La lluvia se colaba por el cedazo del cielo y caía sobre la ciudad de Bergen, inmersa en el azul crepuscular de la tarde. El barco que había contratado ya estaba listo en el muelle, al pie del puente de Puddefjord, cuando el taxi de Harry paró delante de la empresa de alquiler.

Era un yate finlandés de ocho metros, bastante usado.

—Voy a pescar —dijo Harry señalando la carta náutica—. ¿Hay algún escollo o algo que deba saber si quiero llegar aquí?

—¿A la isla de Finnøy? —dijo el empleado—. Llévate una caña con plomos y cucharilla, aunque allí no hay mucha pesca.

—Ya veremos. ¿Cómo se pone en marcha este cacharro?

Cuando Harry pasó junto al cabo de Nordneset, entrevió en la penumbra del anochecer el tótem rodeado de los árboles desnudos del parque. El mar se había rendido calmándose bajo la lluvia, que le arrancaba rizos de espuma a la superficie. Harry empujó hacia delante la palanca que había junto al timón, la proa se levantó, tuvo que dar un paso para apoyarse y el barco cobró velocidad.
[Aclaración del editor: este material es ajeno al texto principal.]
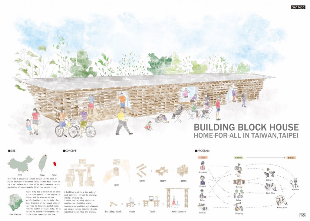 This time I planned an island located in the east of Fujian Province of Mainland China, Taiwan Main Island on the site. Taiwan has a land of 35,980 kilometers, with a population of approximately 23 million people living. Taipei City has a population of about 2.7 million people, is the capital of Taiwan, and is also one of the world’s leading cities in Asia. The Xinyi District of the target site of this time is located somewhat south from the center of Taipei City. It is an area of economic development that is the first commercial for now. A building block is a toy made of wood material. It can be stacking, lining, breaking up. I think that building blocks are Architecture. Building blocks incorporating architectural elements can create various interior objects depending on how they are stacked.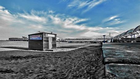 Keywords: beach sea sand hut ocean landscape scenery outdoor environment view scenic land coast coastline seascape horizon

Un cuarto de hora después, tiró de la palanca hacia atrás y viró hacia un muelle del otro extremo de la isla de Finnøy, donde no podrían verlo desde la cabaña de Rafto. Amarró el barco, sacó la caña y se quedó oyendo la lluvia. La pesca no era lo suyo. La cucharilla pesaba, el anzuelo se había enganchado en el fondo y, al sacarlo, vio que había pescado unas algas enredadas. Soltó el anzuelo y lo limpió. Luego intentó volver a lanzar al agua la cucharilla, pero algo se bloqueó en el carrete y se quedó colgando veinte centímetros por debajo del extremo de la caña, sin querer subir ni bajar. Harry miró el reloj. Si el ruido del motor hubiera alarmado a alguien, ya se habría tranquilizado, y él tenía que hacerlo antes de que se hiciese de noche. Dejó la caña en el asiento, sacó el revólver de la bolsa, abrió una caja de cartuchos y los metió en el tambor. Se guardó en los bolsillos los botes de gas, que parecían termos, y bajó a tierra.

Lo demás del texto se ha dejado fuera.